(TASK TO CARRY OUT)
Take the records below and set down exactly the lines from the one with "creation (if needed)" to the one with "သိပ္ပံနှင့်နည်းပညာဝန်ကြီးဌာန ဒုတိယဝန်ကြီး ဒေါက်တာအောင်ဇေယျသည်", ends included; do not copy the pictures.

(GIVEN RECORDS)
= = =

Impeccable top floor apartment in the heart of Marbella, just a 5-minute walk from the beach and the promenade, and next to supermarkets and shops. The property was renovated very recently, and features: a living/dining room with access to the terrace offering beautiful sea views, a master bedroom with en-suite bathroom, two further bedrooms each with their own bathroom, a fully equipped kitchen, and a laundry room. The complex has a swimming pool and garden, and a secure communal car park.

= = =

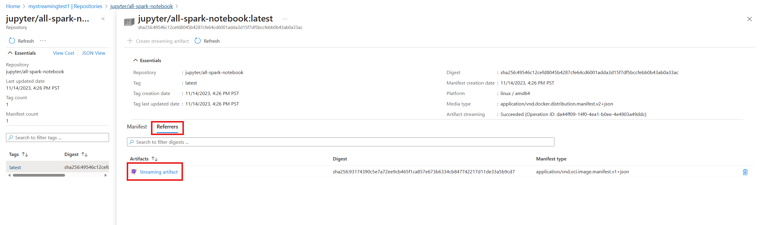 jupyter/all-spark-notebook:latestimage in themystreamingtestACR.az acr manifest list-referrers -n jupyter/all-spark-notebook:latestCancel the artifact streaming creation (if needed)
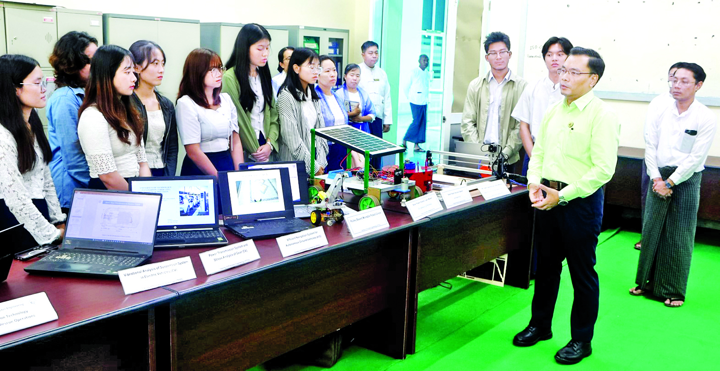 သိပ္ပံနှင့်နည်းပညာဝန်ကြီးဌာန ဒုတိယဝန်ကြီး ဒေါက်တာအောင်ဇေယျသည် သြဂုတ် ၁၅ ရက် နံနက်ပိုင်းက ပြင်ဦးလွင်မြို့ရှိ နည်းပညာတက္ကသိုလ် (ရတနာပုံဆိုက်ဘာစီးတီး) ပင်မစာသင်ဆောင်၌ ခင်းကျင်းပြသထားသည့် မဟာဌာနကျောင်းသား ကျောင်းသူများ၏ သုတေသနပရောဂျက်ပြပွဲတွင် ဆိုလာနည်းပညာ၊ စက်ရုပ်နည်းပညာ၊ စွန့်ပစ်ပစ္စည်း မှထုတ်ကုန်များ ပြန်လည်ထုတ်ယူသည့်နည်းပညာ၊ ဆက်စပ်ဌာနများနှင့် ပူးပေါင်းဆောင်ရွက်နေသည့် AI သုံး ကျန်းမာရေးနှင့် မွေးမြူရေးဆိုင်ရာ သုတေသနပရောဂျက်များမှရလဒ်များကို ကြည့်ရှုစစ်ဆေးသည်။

= = =

(ANSWER TO THIS TASK)
 jupyter/all-spark-notebook:latestimage in themystreamingtestACR.az acr manifest list-referrers -n jupyter/all-spark-notebook:latestCancel the artifact streaming creation (if needed)
 သိပ္ပံနှင့်နည်းပညာဝန်ကြီးဌာန ဒုတိယဝန်ကြီး ဒေါက်တာအောင်ဇေယျသည် သြဂုတ် ၁၅ ရက် နံနက်ပိုင်းက ပြင်ဦးလွင်မြို့ရှိ နည်းပညာတက္ကသိုလ် (ရတနာပုံဆိုက်ဘာစီးတီး) ပင်မစာသင်ဆောင်၌ ခင်းကျင်းပြသထားသည့် မဟာဌာနကျောင်းသား ကျောင်းသူများ၏ သုတေသနပရောဂျက်ပြပွဲတွင် ဆိုလာနည်းပညာ၊ စက်ရုပ်နည်းပညာ၊ စွန့်ပစ်ပစ္စည်း မှထုတ်ကုန်များ ပြန်လည်ထုတ်ယူသည့်နည်းပညာ၊ ဆက်စပ်ဌာနများနှင့် ပူးပေါင်းဆောင်ရွက်နေသည့် AI သုံး ကျန်းမာရေးနှင့် မွေးမြူရေးဆိုင်ရာ သုတေသနပရောဂျက်များမှရလဒ်များကို ကြည့်ရှုစစ်ဆေးသည်။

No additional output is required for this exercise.